W3C

- DRAFT -

Silver Task Force & Community Group

02 Jun 2020

Attendees

Present
jeanne, Chuck, MichaelC, Rachael, ChrisLoiselle, CharlesHall, JF, Lauriat, Fazio, OmarBonilla, Joshue108, KimD, Makoto, sajkaj, Jan
Regrets
Chair
Shawn, jeanne
Scribe
ChrisLoiselle

Contents


<scribe> Scribe:ChrisLoiselle

Jake's work on conformance

Jeanne: Let us review Jake's presentation

<Chuck> +1 to both

Jake: Should I share my screen or just talk to the links? Jeanne: You can share your screen.

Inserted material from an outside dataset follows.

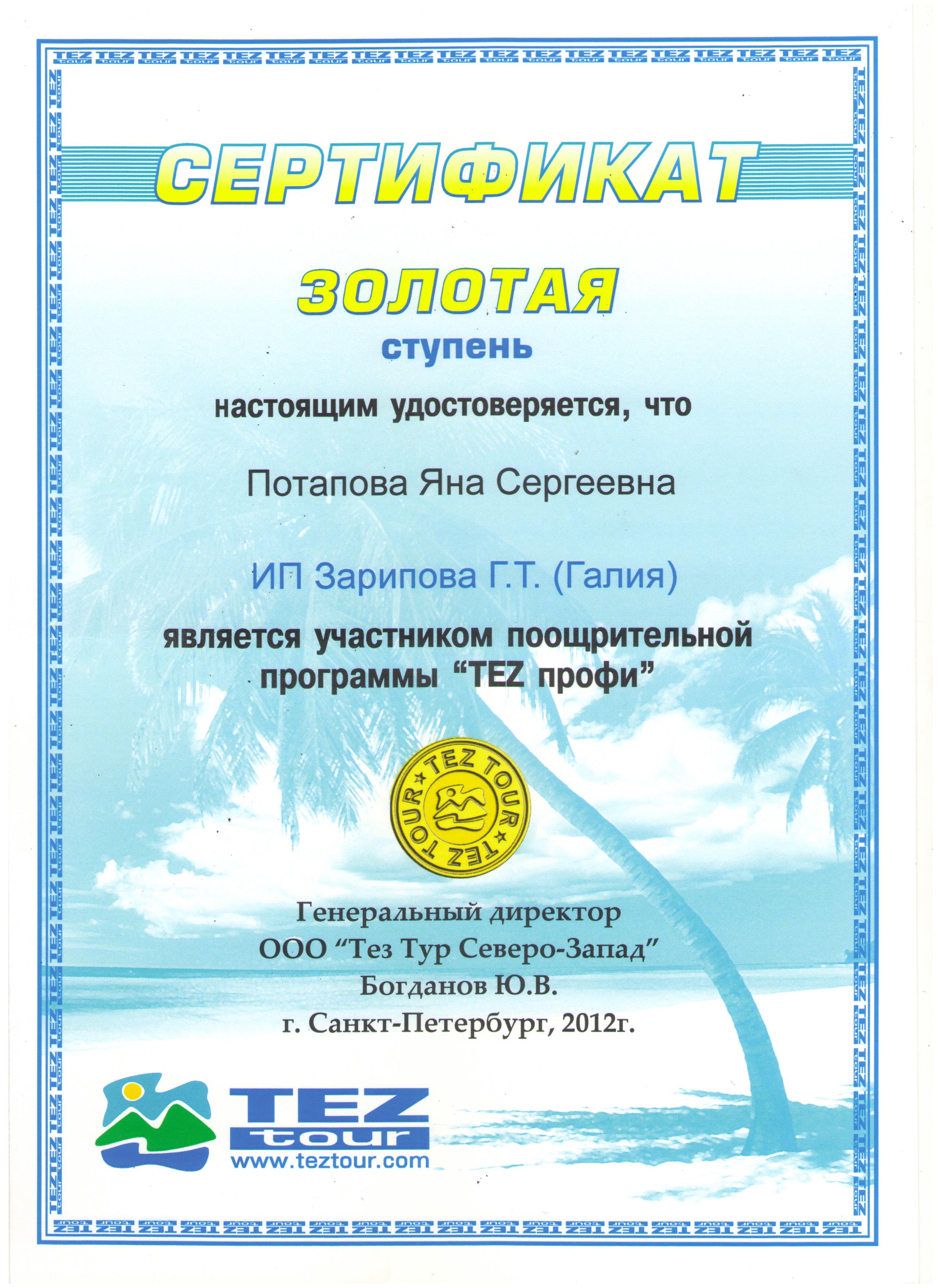 TEZ TOUR - Сертификат Зариповой Галие Талгатовне - является участником поощрительной программы "TEZ профи" (2012 год).

<JakeAbma> https://docs.google.com/drawings/d/1nRhQ2DWCGe8imhZgV8972IWSRSwCtmKaOnZOB6qm3gk/edit

Jake: Shares his screen. Talks to the diagram link in IRC for Benchmark Scoring Experiment. Gathering work from past 10 years or so. It is blend of technical of pass / fail tests. Then there is general benchmark testing.

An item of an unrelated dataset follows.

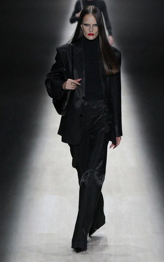 Na pisti so se prepletali različni arhetipi: glamurozna ženska, urbana “party girl”, poslovna eleganca in sproščeni streetwear. Kolekcija je namerno združevala nasprotja — sensualnost in pragmatičnost, luksuz in vsakdan, preteklost in prihodnost.
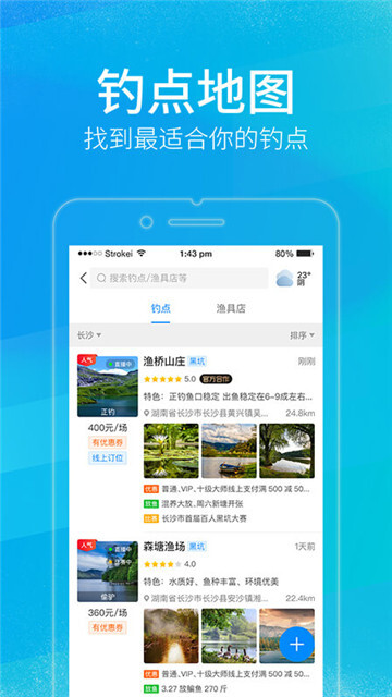 找钓点钓场:为钓友提供钓鱼地图、附近钓点钓场、渔讯、渔具店,钓鱼信息一手掌握;

Left hand of chart is user needs , right side of chart is user satisfaction and the middle part of chart is how we get there.

1) Technical, 2) A11y-in-use 3) Benchmark 4) Total Score is the 4 step process .

<JF> element level testing?

Technical and A11y-in-use is done at same time and then you iterate on next element. The benchmarks are based on standardized questions. Fixed set of questions applied to each functional outcome / guideline.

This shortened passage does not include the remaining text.